On a different note, in the longest palindrome problem, the C++ function header doesn't pass (or return) references, which seems to be amateurish.
As someone who works for a Nigerian boss, I get very tired of this kind of racism. I see it frequently. I see people refuse to do business with us because of his origin. I also see people try aggressively to scam us because of his origin, assuming we are naive.
But you cannot judge an entire country based on some highly visible scammers from there. Not all Nigerians are trying to scam you. And many Americans ARE trying to scam you. Many Nigerians have left their country, gotten educations, and become highly successful businessmen throughout the world.
This specific guy who runs this site? I have no idea. But I will judge him on his own merits, not his country of origin.
You are absolutely right. Two points, though: (i) As you see from my comments, my judgments were based on the site, the Nigerian thing is an afterthought and (ii) unfortunately, people do have Bayesian prior probabilities, commonly referred to as prejudices. You cannot avoid them and they need to be addressed sometime. What I said was that if I were from Nigeria, I would be work more on my site to erase any spammish connotations. This is probably true of your boss, too.
I thought everyone just assumed that the "Nigerian Prince" thing was a front and it was likely some Eastern European or American behind it all.
I thought the "Nigerian" bit was just to add to the allure or something.
I am surprised that scammers, Nigerian or otherwise, don't know better than to still reference Nigeria in their emails.
I also found it surprising that scammers devote so little effort to proper spelling/punctuation/grammar.
But then it occured to me: maybe errors help filter out attentive respondents, who have a low chance of completing the whole scam funnel. Those people who don't notice the errors, or don't consider them a red flag, are better leads.
In the context of a cliche'd Nigerian origin, sure, mentioning Nigeria puts anyone familiar with the 419 scam formula on guard. But anyone who does reply is likely a fresh, naive prospect. Ka-ching!
This is perceptive. 419 is like any other advertising: if you think it is stupid, you are not in the target market, but someone else is.
Who communicates in all caps? The elderly and the mentally ill. Target market.
He/she clearly states in the About page that he is from Nigeria.
Yeah, that's what I'm saying. I don't want to disparage this guy too much but if I'm from Nigeria, I would bend over back backwards to appear legit. I wouldn't advertise gimmicks like "cheap money" or "Phd., MSc, etc."

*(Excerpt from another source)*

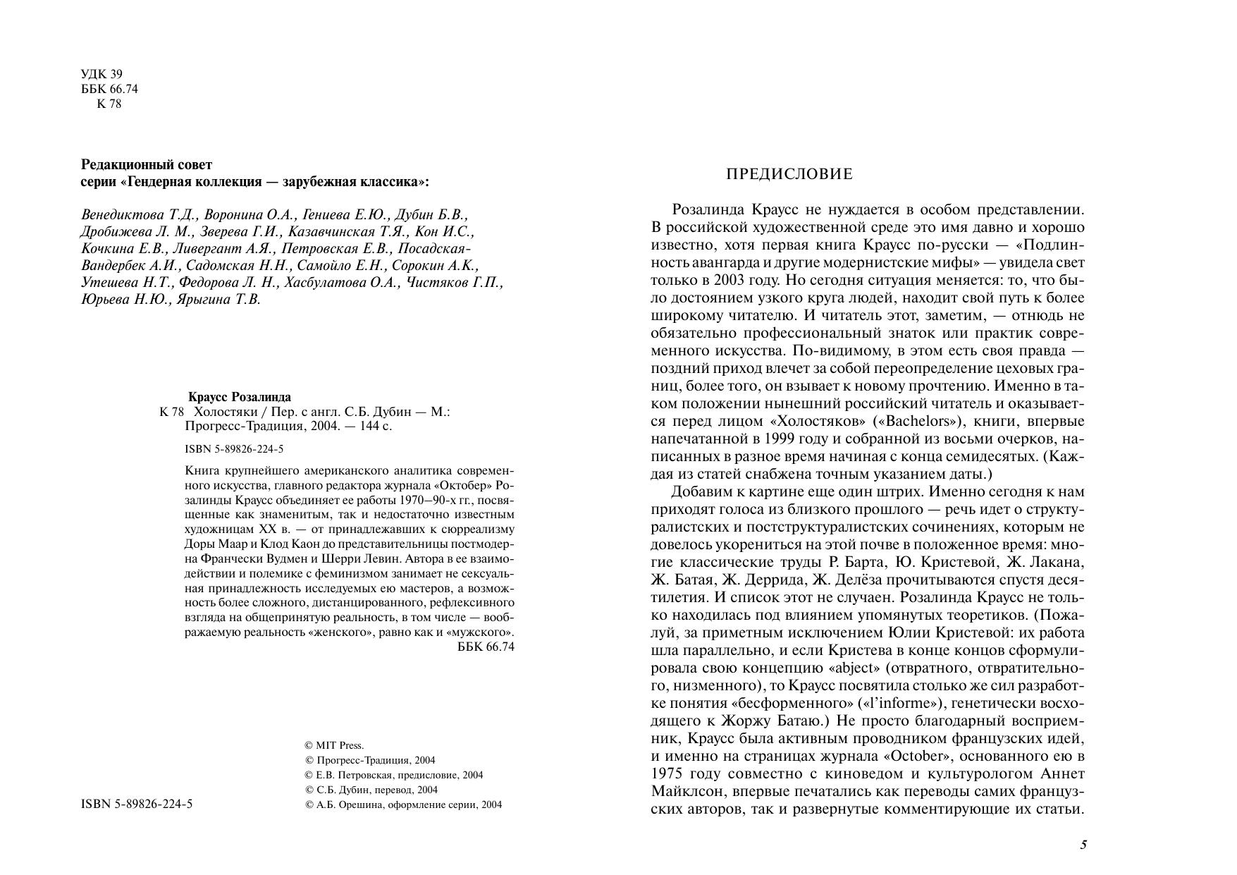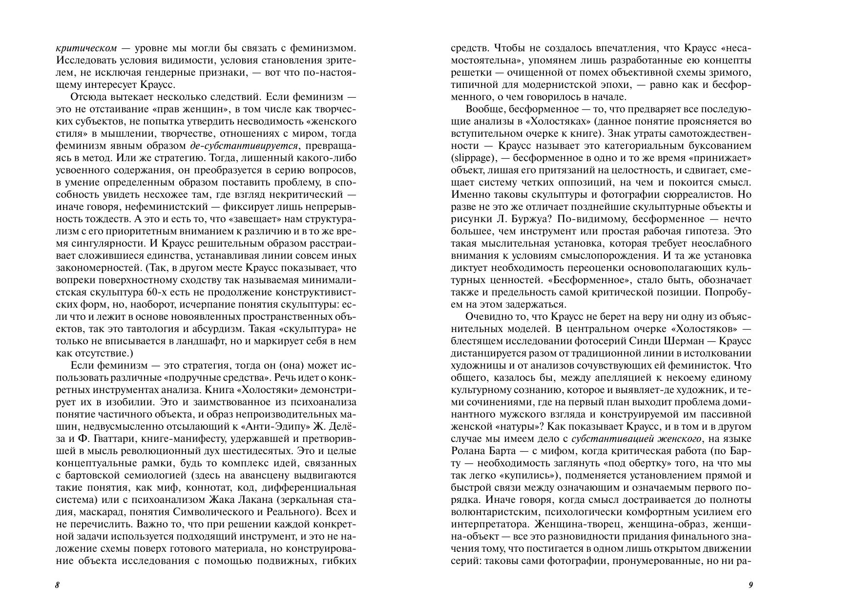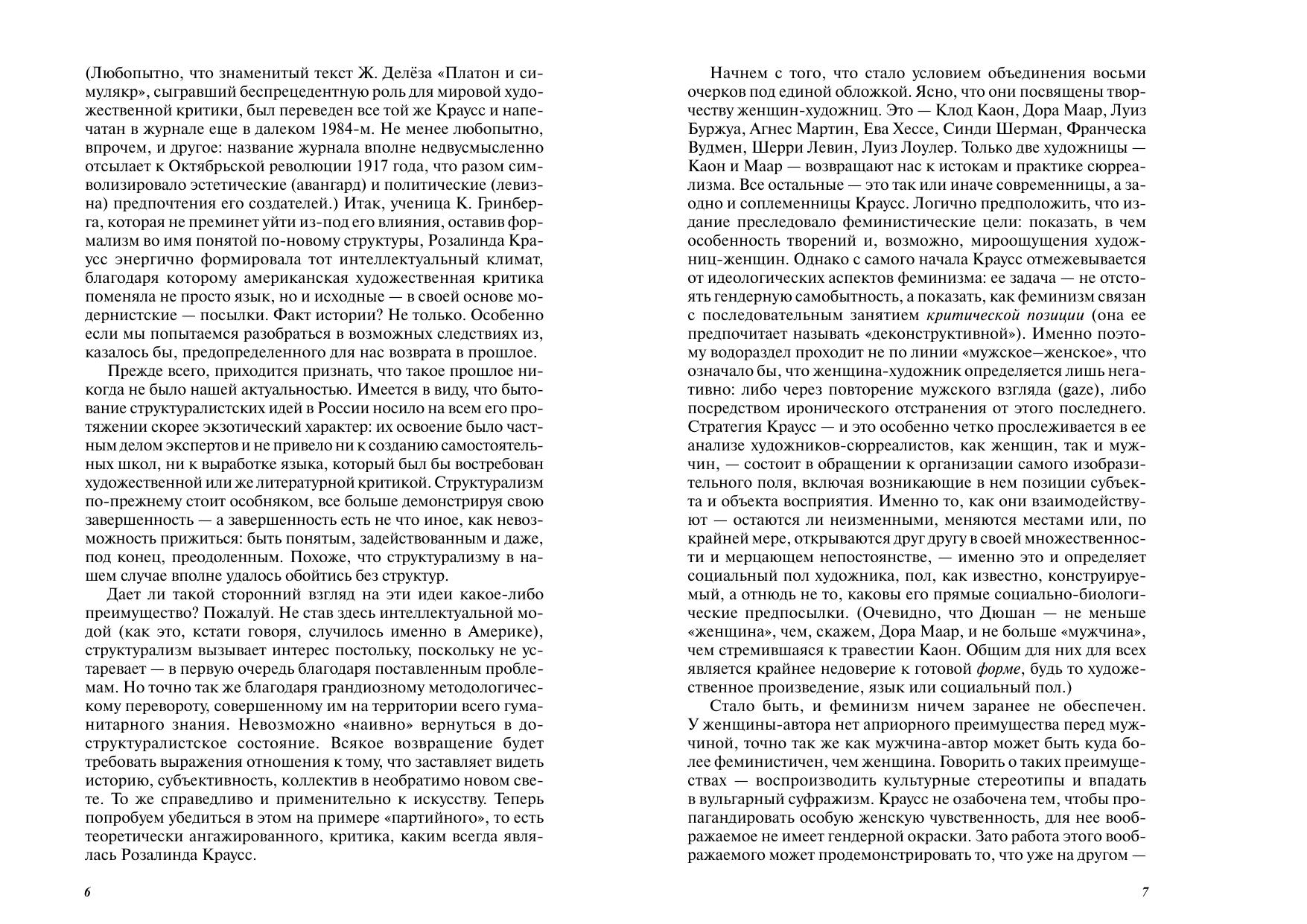 Книга крупнейшего американского аналитика современного искусства, главного редактора журнала "Октобер" Розалинды Краусс объединяет ее работы 1970–90#х гг., посвященные как знаменитым, так и недостаточно известным художницам ХХ в. — от принадлежавших к сюрреализму Доры Маар и Клод Каон до представительницы постмодерна Франчески Вудмен и Шерри Левин. Автора в ее взаимодействии и полемике с феминизмом занимает не сексуальная принадлежность исследуемых ею мастеров, а возможность более сложного, дистанцированного, рефлексивного взгляда на общепринятую реальность, в том числе — воображаемую реальность "женского", равно как и "мужского".

The "make some money" part is only $1, unless I'm missing something, and currently there's only 1 contest paying. So that's not really going to be incentive to participate.
It sounds like Project Euler except code size, code speed, and code submission time matter. Neat idea but how's this significantly different? Project Euler already has a huge number of challenges, a leader board, and a vibrant community. What differentiates amebopost?
IMHO code size and code speed is already a great and welcome difference in making this more geared towards programmers than mathematicians.
Implicitly Project Euler already takes speed into account, but more as a step function not as a fine differentiator between players: Either you get the answer in your lifetime, or you should work towards a faster algorithm.
Are you normalizing the execution time across languages? For example, when they introduced java, the USACO assumed that java code would run 5 times as slow as equivalent C code (so they would give 1 sec for C and 5 secs for java)
Mh, i don't think giving points based on code size is a good idea, developers really really shouldn't try hard to minimize the code size, this just leads to unreadable garbage. Time to Solve and Speed to Run is ok, imo..
Why not have "time to submit" points work as follows:
The problem details aren't shown, only a brief description. User clicks a button "accept challenge", is given problem details, and the server starts recording time until a solution is submitted. Base points on that time difference.
Sure, there are loopholes (such as someone else posting the question on another website so you can create a solution before accepting the challenge). I think it's better than checking for new problems and get lucky by noticing a new challenge came out very recently and there are no submissions.
Hopefully the command line for the C compiler invocation is a typo, because "gcc contestx.c -o contestx.c" will overwrite your source with the executable--which (while catastrophic if done at home with no backup) is probably not a big deal, so long as the relevant code length metrics are extracted beforehand...but still amateurish.
It would be nice if Ruby was one of the permitted languages.
Right? They're alienating a very large developer community.
I tried to send them an email about ruby support and the typo on their compilers page but their email form doesn't even work. I take this to be way too amateurish and scam-like.
"very large" and "very loud" are two different things. I'm sure you'll take exception with any metric that shows Ruby to be a less common language but
http://programmers.stackexchange.com/questions/tagged/ruby 127 questions.
http://programmers.stackexchange.com/questions/tagged/python 272 questions.
http://programmers.stackexchange.com/questions/tagged/php 466
In a website for programming challenges, the market status of a language should be the least regarded metric to decide whether to include it or not.
Just check this out: http://projecteuler.net/languages
What about the infamous TIOBE Index? http://www.tiobe.com/content/paperinfo/tpci/index.html There should be atleast 3 other languages before ruby then ;)
http://www.tiobe.com/content/paperinfo/tpci/index.html
I wonder what made Lua take the leap.
The rails ecosystem moved to github bringing along the community. Ruby eggs, one basket.